Grace and power in three parts
Big-hearted performance makes for enjoyable show
If dancing at Resilience Theater is a handicap for Houston Ballet, it didn’t show with Thursday’s opening performance of the mixed-rep program “Rock, Roll & Tutus.”
Choreographer Trey McIntyre, there for the company premiere of his “In Dreams,” told me he liked the temporary space at the George R. Brown Convention Center even better than the ballet’s home stage at the flood-decimated Wortham Theater Center because it feels like a stage one might find in an industrial European setting.
Not all in the audience agreed: From the higher perspective of the risers, the stage looks immense for small-scale, intimate dances. A few people seated on the sides complained about sight lines.
What made it work for me, ultimately, was the big-hearted performance by the company’s versatile dancers.
The three company premieres on this bill contribute meaningfully to the repertoire, for various reasons.
Australian choreographer Tim Harbour’s “Filigree and Shadow,” the most substantial addition, is riveting in its complex yet clean physicality.
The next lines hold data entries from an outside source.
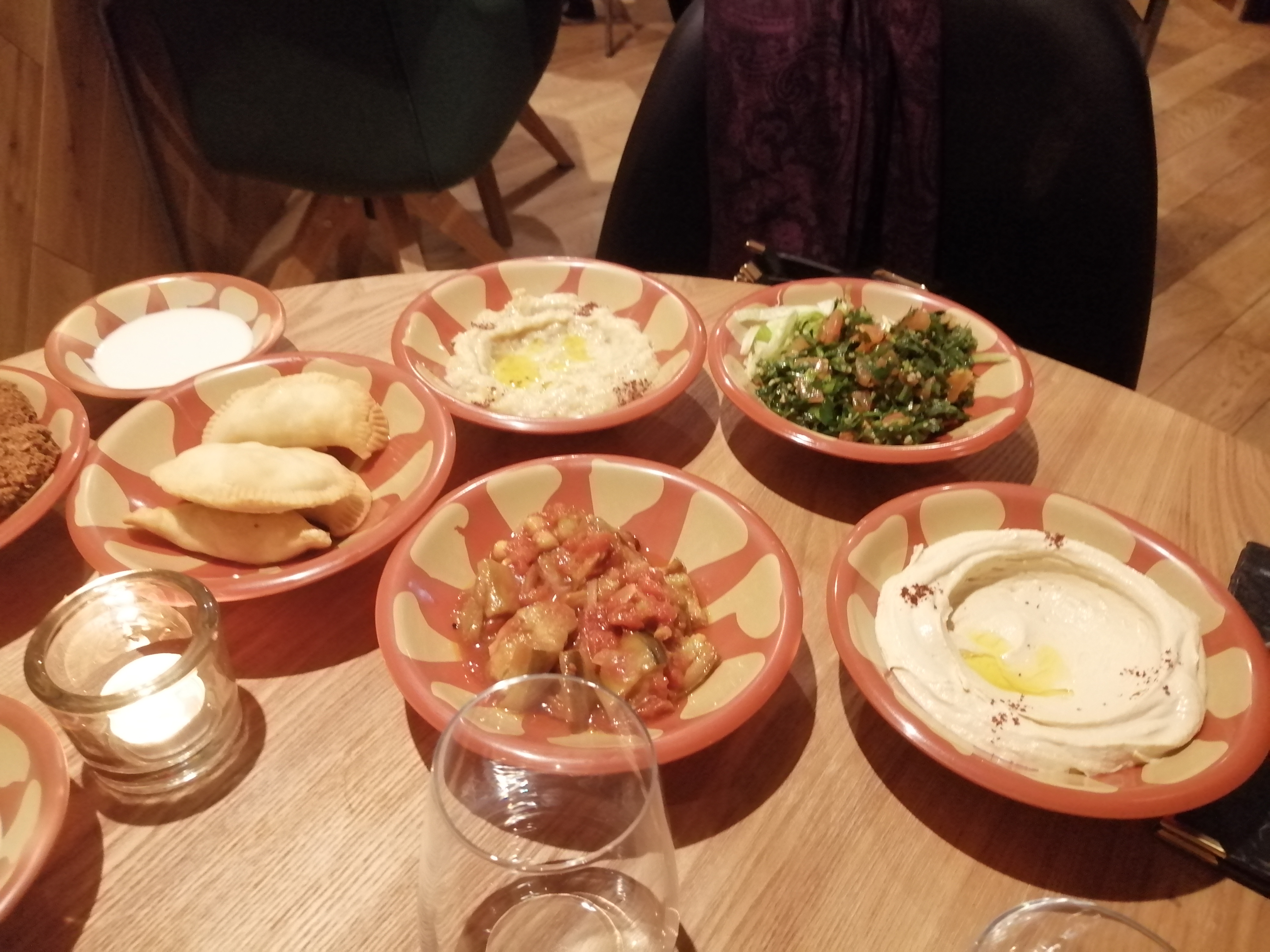 Mezze et falafel très bons et service efficace. Mais salle très bruyante / non insonorisée. Si en plus groupe nombreux est présent votre dîner est gâché. Par ailleurs refus de service pour les petits mangeurs comme ma femme. Chaque convive doit prendre un grand plat (très copieux) même si les 3 quarts finissent à la poubelle. Dommage!
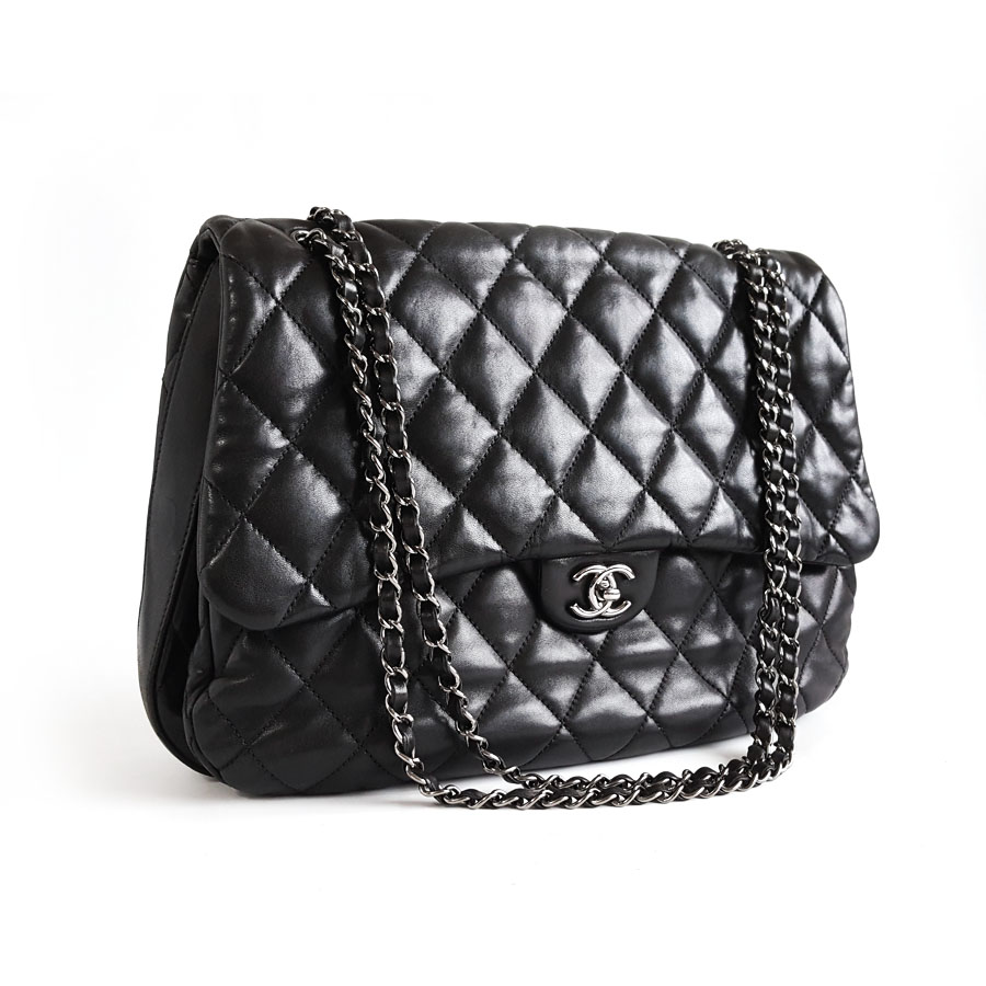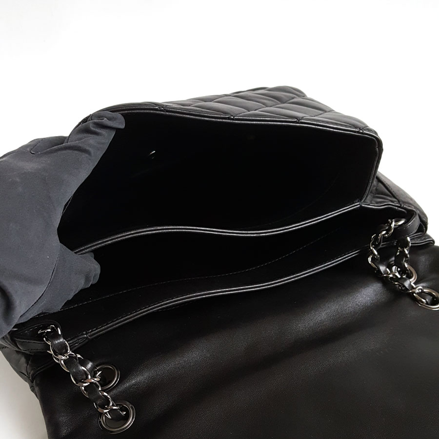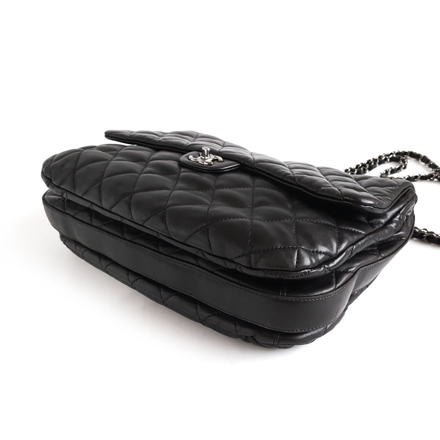 【95新】CHANEL香奈儿大号黑银羊皮机场包CF链条包单肩包中性款300326NJS07
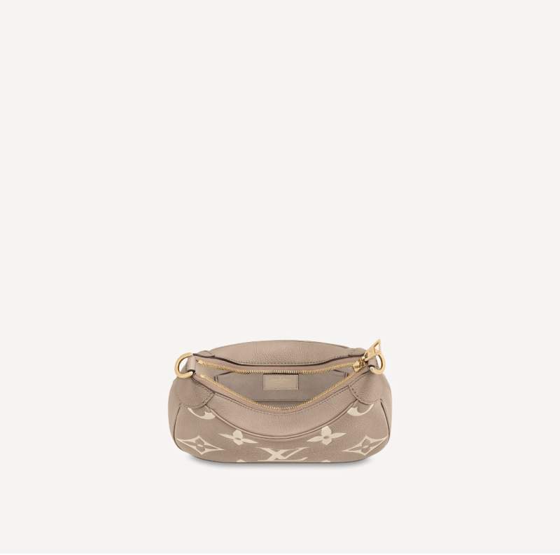 The Bagatelle mini hobo handbag is fashioned from supple, grained Monogram Empreinte leather. The embossed motif is oversized, the better to highlight the delicate color contrast of dove gray and cream. A graceful companion for any ensemble, it offers a host of stylish carry options thanks to the removable handle and detachable, adjustable strap.

Among its virtues: swiftly evolving choreographic architecture with an aggressive vibe. A spare but beautiful set featuring a curved back wall of white, lit provocatively. And a score by the experimental music group 48nord that Ridley Scott would appreciate.
With all of this taken together, the dance feels as if it might be taking place on a starship infected with aliens. Occasional growls in the music suggest the belly-ripping, primal growls of those ominous moments in sci-fi films, and the 12 dancers seem to be engaged in continuous battle with the unseen force. Thursday’s cast had not a weakling in the bunch, ably handling Harbour’s extreme, athletic demands.
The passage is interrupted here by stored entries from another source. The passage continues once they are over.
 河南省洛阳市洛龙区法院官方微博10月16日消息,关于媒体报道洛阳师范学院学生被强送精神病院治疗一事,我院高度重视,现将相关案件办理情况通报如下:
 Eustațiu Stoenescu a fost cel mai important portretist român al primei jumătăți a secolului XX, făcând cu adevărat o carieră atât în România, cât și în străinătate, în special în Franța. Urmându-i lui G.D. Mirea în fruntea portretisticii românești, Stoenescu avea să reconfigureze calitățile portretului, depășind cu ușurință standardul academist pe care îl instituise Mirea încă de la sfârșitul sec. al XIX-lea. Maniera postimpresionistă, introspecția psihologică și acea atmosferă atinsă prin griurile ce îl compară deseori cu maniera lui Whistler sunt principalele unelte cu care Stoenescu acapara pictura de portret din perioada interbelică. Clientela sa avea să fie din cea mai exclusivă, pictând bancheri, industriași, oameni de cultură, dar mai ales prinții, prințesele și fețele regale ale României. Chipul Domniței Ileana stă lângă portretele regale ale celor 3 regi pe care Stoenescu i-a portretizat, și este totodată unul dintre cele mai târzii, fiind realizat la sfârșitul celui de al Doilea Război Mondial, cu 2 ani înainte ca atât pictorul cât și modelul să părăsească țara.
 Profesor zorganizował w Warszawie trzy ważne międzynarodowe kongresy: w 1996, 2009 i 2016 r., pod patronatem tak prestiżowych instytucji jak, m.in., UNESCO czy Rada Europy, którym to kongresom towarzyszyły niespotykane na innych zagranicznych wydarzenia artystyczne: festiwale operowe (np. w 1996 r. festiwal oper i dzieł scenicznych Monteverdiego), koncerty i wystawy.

McIntyre’s “In Dreams” opened the program on softer notes of rapture. His sentimental journey captured the tremble and yearning of a medley of Roy Orbison hits with an engaging, stop-and-start sharpness and earthy fluidity. In the vein of such company classics as Christopher Bruce’s “Sergeant Early’s Dream,” which interprets songs by the Irish band the Chieftans; and Paul Taylor’s “Company B,” which evokes a youthful, World War II spirit through music by the Andrews Sisters, McIntyre’s modestly scaled dance is the best kind of crowd-pleaser.
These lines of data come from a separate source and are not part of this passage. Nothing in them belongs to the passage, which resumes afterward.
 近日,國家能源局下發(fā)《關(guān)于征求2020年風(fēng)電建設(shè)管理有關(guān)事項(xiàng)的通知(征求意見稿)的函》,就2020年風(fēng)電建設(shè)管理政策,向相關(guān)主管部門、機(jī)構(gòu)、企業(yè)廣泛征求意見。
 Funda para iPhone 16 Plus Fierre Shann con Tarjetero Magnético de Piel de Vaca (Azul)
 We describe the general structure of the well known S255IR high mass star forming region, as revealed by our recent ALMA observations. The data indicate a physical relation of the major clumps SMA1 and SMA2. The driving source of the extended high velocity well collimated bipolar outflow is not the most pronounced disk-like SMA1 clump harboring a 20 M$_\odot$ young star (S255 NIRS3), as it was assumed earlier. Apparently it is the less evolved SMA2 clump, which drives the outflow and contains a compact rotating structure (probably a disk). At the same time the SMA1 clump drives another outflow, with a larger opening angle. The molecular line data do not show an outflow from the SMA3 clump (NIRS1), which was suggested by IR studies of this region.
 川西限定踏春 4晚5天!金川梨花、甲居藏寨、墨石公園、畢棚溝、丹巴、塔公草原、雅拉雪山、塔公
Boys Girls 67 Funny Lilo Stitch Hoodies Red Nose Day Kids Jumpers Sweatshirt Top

“In Dreams” could be developed further into a longer work — more Orbison is never too much, is it? — but McIntire’s movement utilizes the narrative capacity of his five dancers superbly to convey the sense of shared loneliness in the songs, without resorting to melodrama.
And it just gets better as it moves swiftly along. Soo Youn Cho and Connor Walsh partnered evocatively through the twists and turns of “I Never Knew.” Jessica Collado, magnetic all night in various modes, found a pitch-perfect, plaintive tone for her solo to the title song, then slid effortlessly into a buttery waltz with Walsh that became the highlight of highlights, to “Cryin’.”
McIntyre does the songs justice, and then some. A brief audio clip of Orbison speaking makes the dance feel both specific and universal: “I’m often asked how I would like to be remembered,” Orbison says. “I really would just like to be remembered … maybe bring a little happiness to someone and help them hold things together.”
That could be a hard act to follow, but artistic director Stanton Welch’s brief, neoclassical pas de deux “La Cathedrale Engloutie” provided an appropriate segue. Nozomi Iijima, back in Houston after two years in Europe, and Chun Wai Chan were an elegant pair. They absorbed the Claude Debussy music with graceful strength and gorgeous lines, conveying a less-defined but no less emotional drama. Pianist Katherine BurkwallCiscon, unseen but definitely heard, dominated the piece with a performance that felt overbearing to me.
The program ends with Alexander Ekman’s quirky and visually stunning “Cacti,” a surreal romp full of pluck and circumstance that pokes fun at the process of dancemaking. Each of the 16 dancers manipulates a boxy platform and a potted cactus. A quartet of string musicians from the Apollo Chamber Players also figures nicely into the action, mixing some squealy-sounding stuff with compositions by Franz Schubert, Joseph Haydn and Ludwig van Beethoven.
The most memorable moments of “Cacti,” however, are driven by other noise: Synchronous, percussive clapping and body slapping, and the recorded, streamof-consciousness voices of a choreographer and dancers dealing with creative decisions and indecision.
Collado and Walsh are adorable in the main duet. And while the entire cast has this one down, recently-minted soloist Harper Watters was a sinuous, seductive standout in a solo moment.
At one point a “dead cat” drops from the ceiling, leaving a cloud of powder in the air. I love kitties, really, but the interruption is hilarious. And absurd, like much of “Cacti.”
“What does it mean?” the choreographer’s voice says, more than once. The point, really, is that dance doesn’t have to mean anything. Just loosen up, laugh and enjoy.